What a TARDIS of bullshit. 

WitCH 4

Well, WitCH 2, WitCH 3 and Tweel’s Mathematical Puzzle are still there to ponder. A reminder, it’s up to you, Dear Readers, to identify the crap. There’s so much crap, however, and so little time. So, it’s onwards and downwards we go.

Our new WitCH, courtesy of New Century Mathematics, Year 10 (2014), is inspired by the Evil Mathologer‘s latest video. The video and the accompanying articles took the Evil Mathologer (and his evil sidekickhundreds of hours to complete. By comparison, one can ponder how many minutes were spent on the following diagram:

OK, Dear Readers, time to get to work. Grab yourself a coffee and see if you can itemise all that is wrong with the above.


Well done, craphunters.

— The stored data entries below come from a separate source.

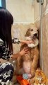 My dog taking full cleaning shower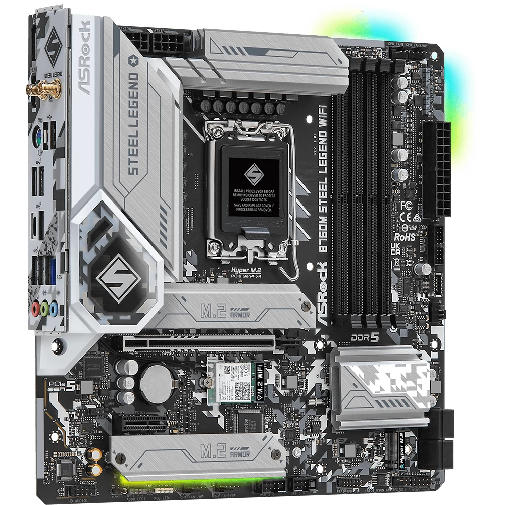 ASROCK B760M čelična legenda WiFi matična ploča zasniva se na Intel B760 čipsetu koji pruža podršku za CORE ™ procesore Intel® 14, 13 i 12. generacije. Ova matična ploča Micro ATX nudi visoke performanse i izvanrednu funkcionalnost na sredini -Range tržišta, što može biti idealan izbor za igrače i performanse – Orijentirane korisnike. Bilo da se radi o igri, radu ili multimedijskim aplikacijama, ova matična ploča nudi izuzetnu brzinu, izdržljivost i fleksibilnost korisniku.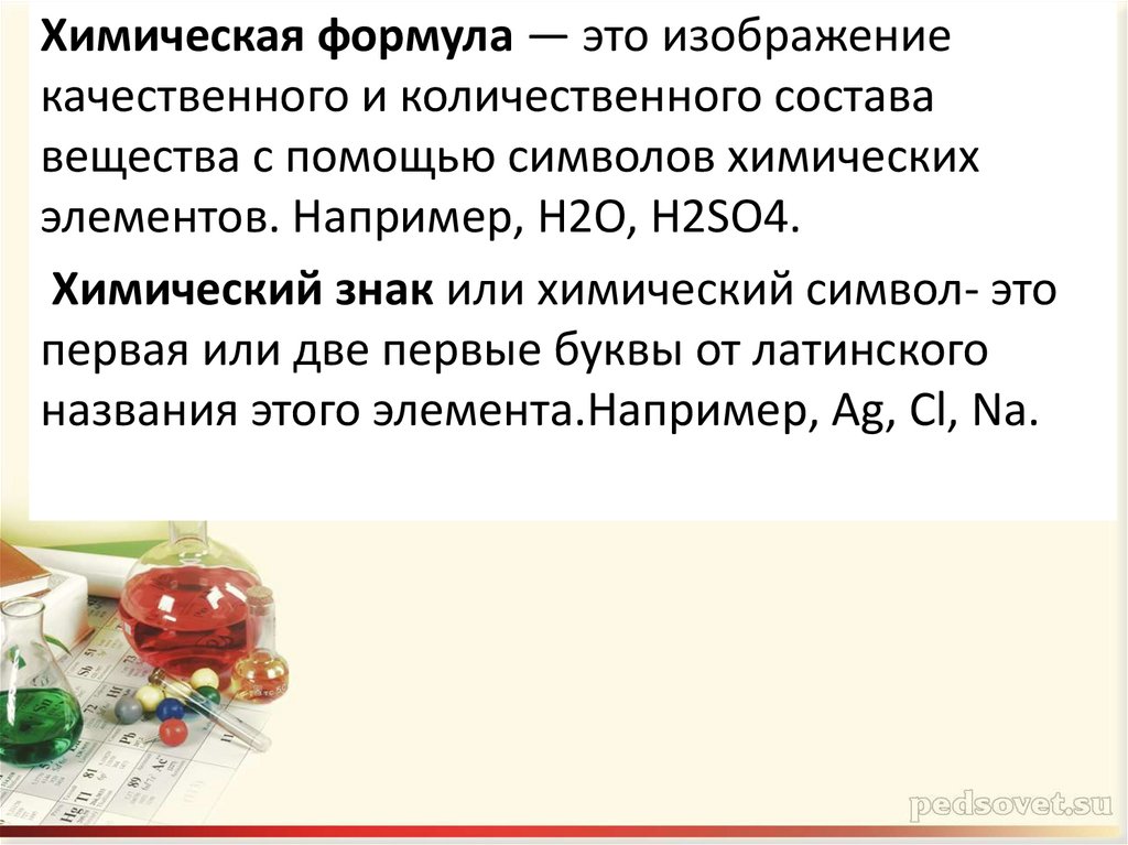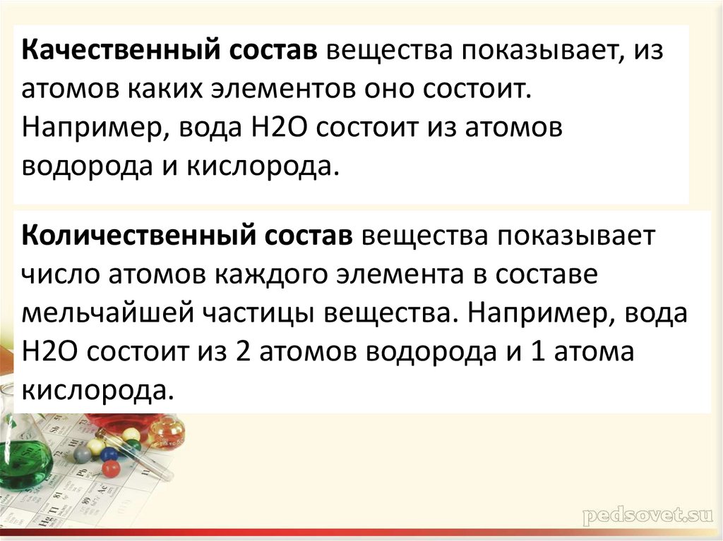 Качественный состав вещества показывает, изатомов каких элементов оно состоит.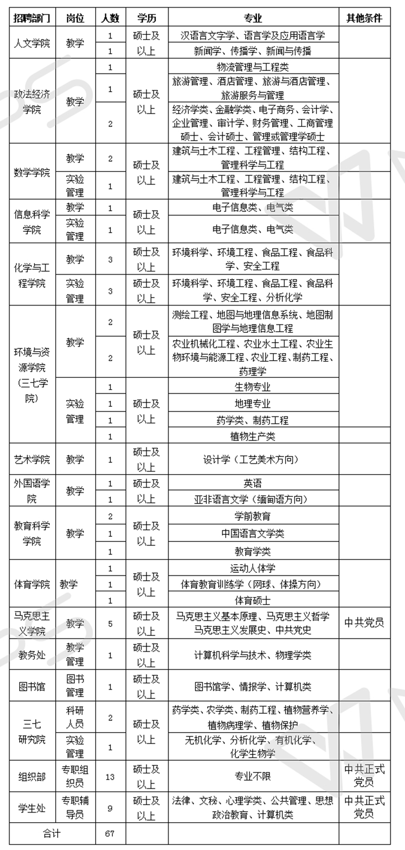 根據(jù)工作需要,文山學院2018年擬面向社會招聘各類合同制工作人員67名,現(xiàn)將有關(guān)招聘事項公告如下: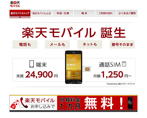 フュージョン、格安通話サービス「楽天モバイル」の提供を開始、SIMカードとSIMフリー端末のセット提供も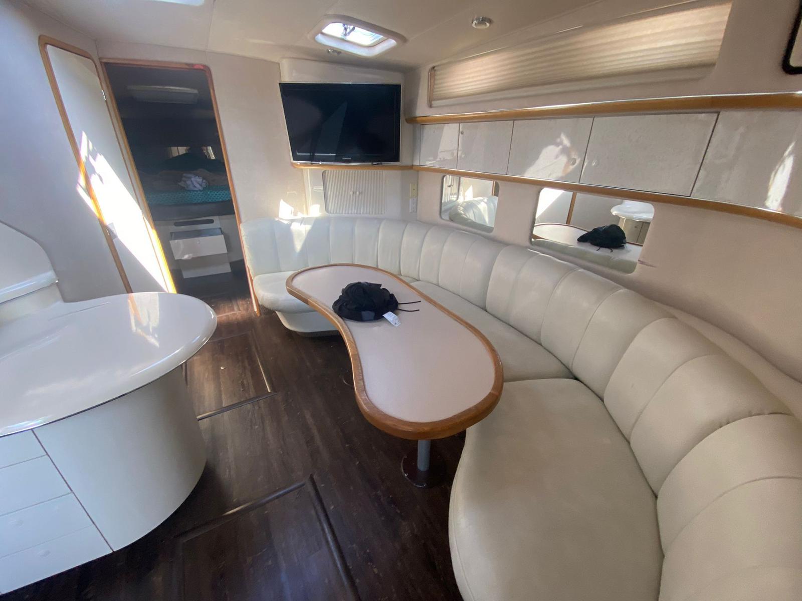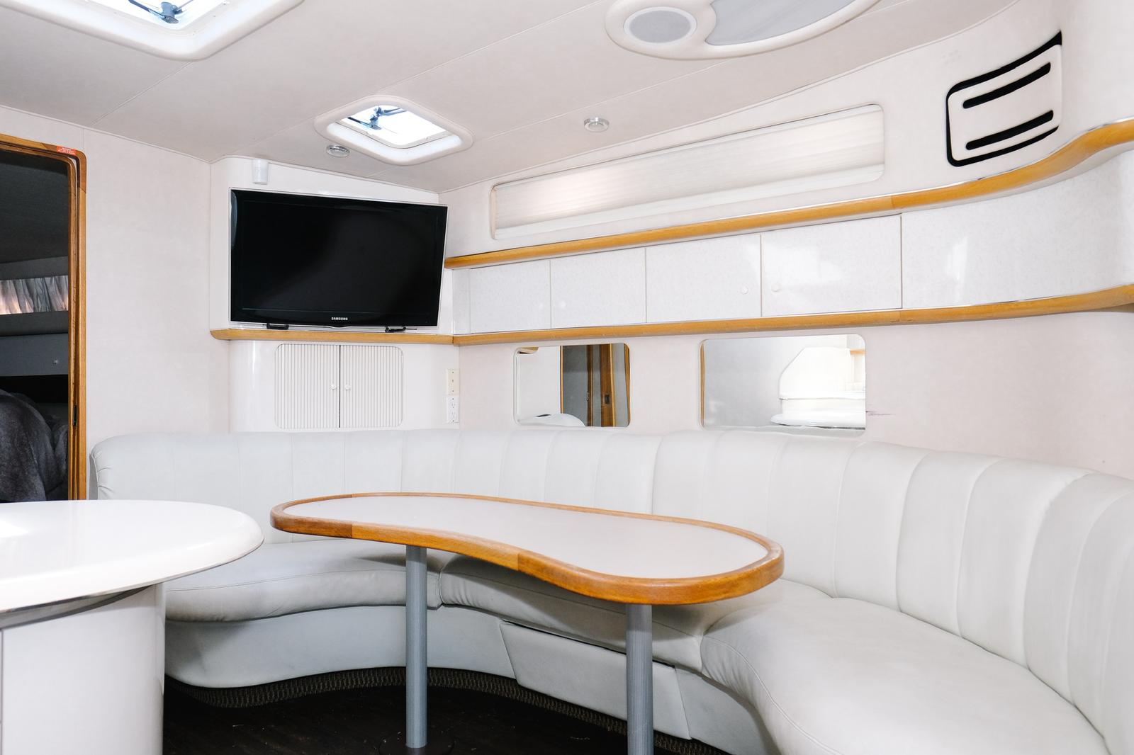 Main Salon: Open, airy salon with a convertible settee, entertainment center, and easy access to the galley.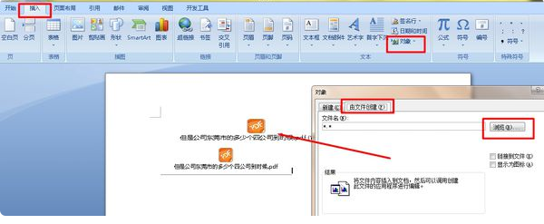 插入-对象-由文件创建-找到PDF确定-只能插入PDF图标及文件名,如下图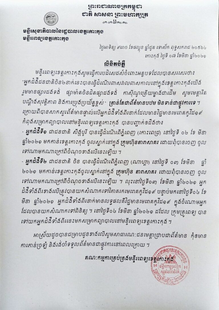 សេចក្តីបំភ្លឺ របស់មន្ទីរពេទ្យខេត្តកោះកុង
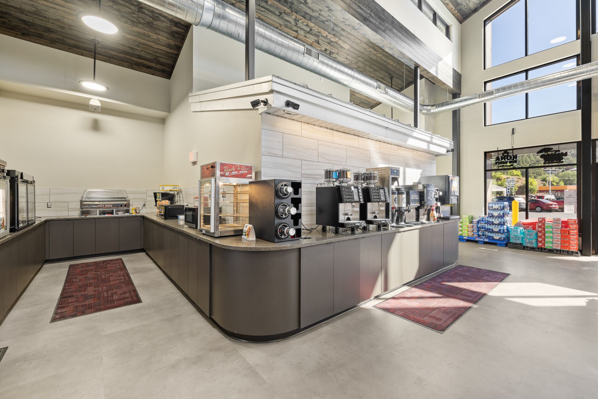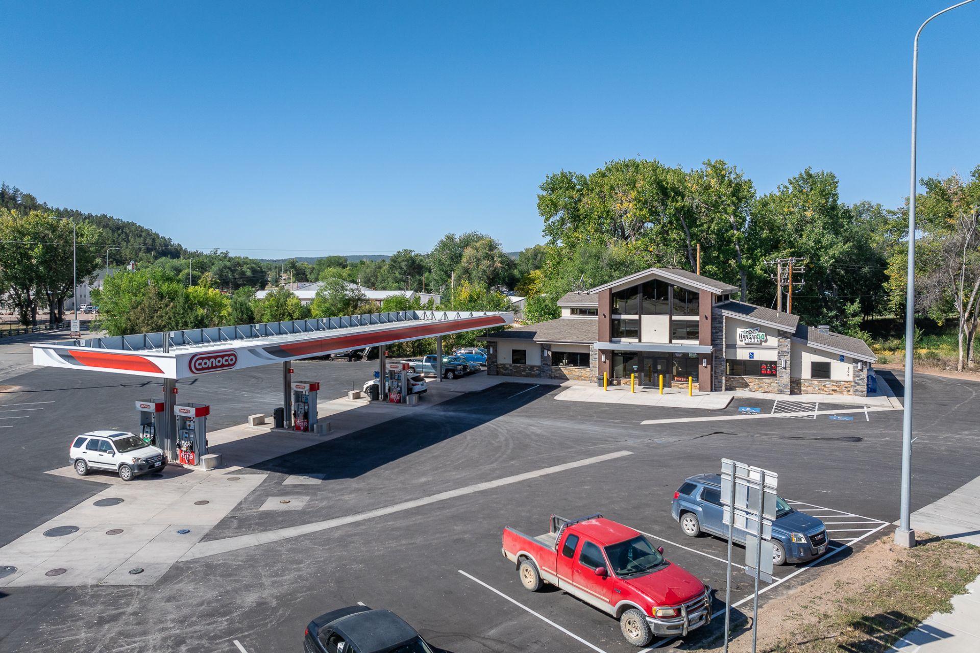 Beginning late winter of 2023, Rangel Construction started the design phase of a new facility for Big Bats in Hot Springs, SD. Working with its team of registered design professionals, the final documents were ready within six months, and construction began on the new 4,200 sq ft convenience store. Ten months later, in September of 2024, the new facility was open to the public. The building features both natural and cultured stone, painted exposed structural and decorative steel, wood paneled ceilings, open-air vaulted ceilings, and an abundance of windows, allowing for the flow of natural light into the space. The store is one of the first buildings seen entering the historic town of Hot Springs, and its appearance provides a welcoming façade that is complimentary to the natural landscape.

Here’s a summary, with a couple craps not raised in the comments below:

  • In the ratio a/b, the nature of a and b is left unspecified.
  • The disconnected bubbles within the diagram misleadingly suggest the existence of other, unspecified real numbers.
  • The rational bubbles overlap, since any integer can also be represented as a terminating decimal and as a recurring decimal. For example, 1 = 1.0 = 0.999… (See here and here and here for semi-standard definitions.) Similarly, any terminating decimal can also be represented as a recurring decimal.
  • A percentage need not be terminating, or even rational. For example, π% is a perfectly fine percentage.
  • Whatever “surd” means, the listed examples suggest way too restrictive a definition. Even if surd is intended to refer to “all rooty things”, this will not include all algebraic numbers, which is what is required here.
  • The expression “have no pattern and are non-recurring” is largely meaningless. To the extent it is meaningful it should be attached to all irrational numbers, not just transcendentals.
  • The decimal examples of transcendentals are meaningless.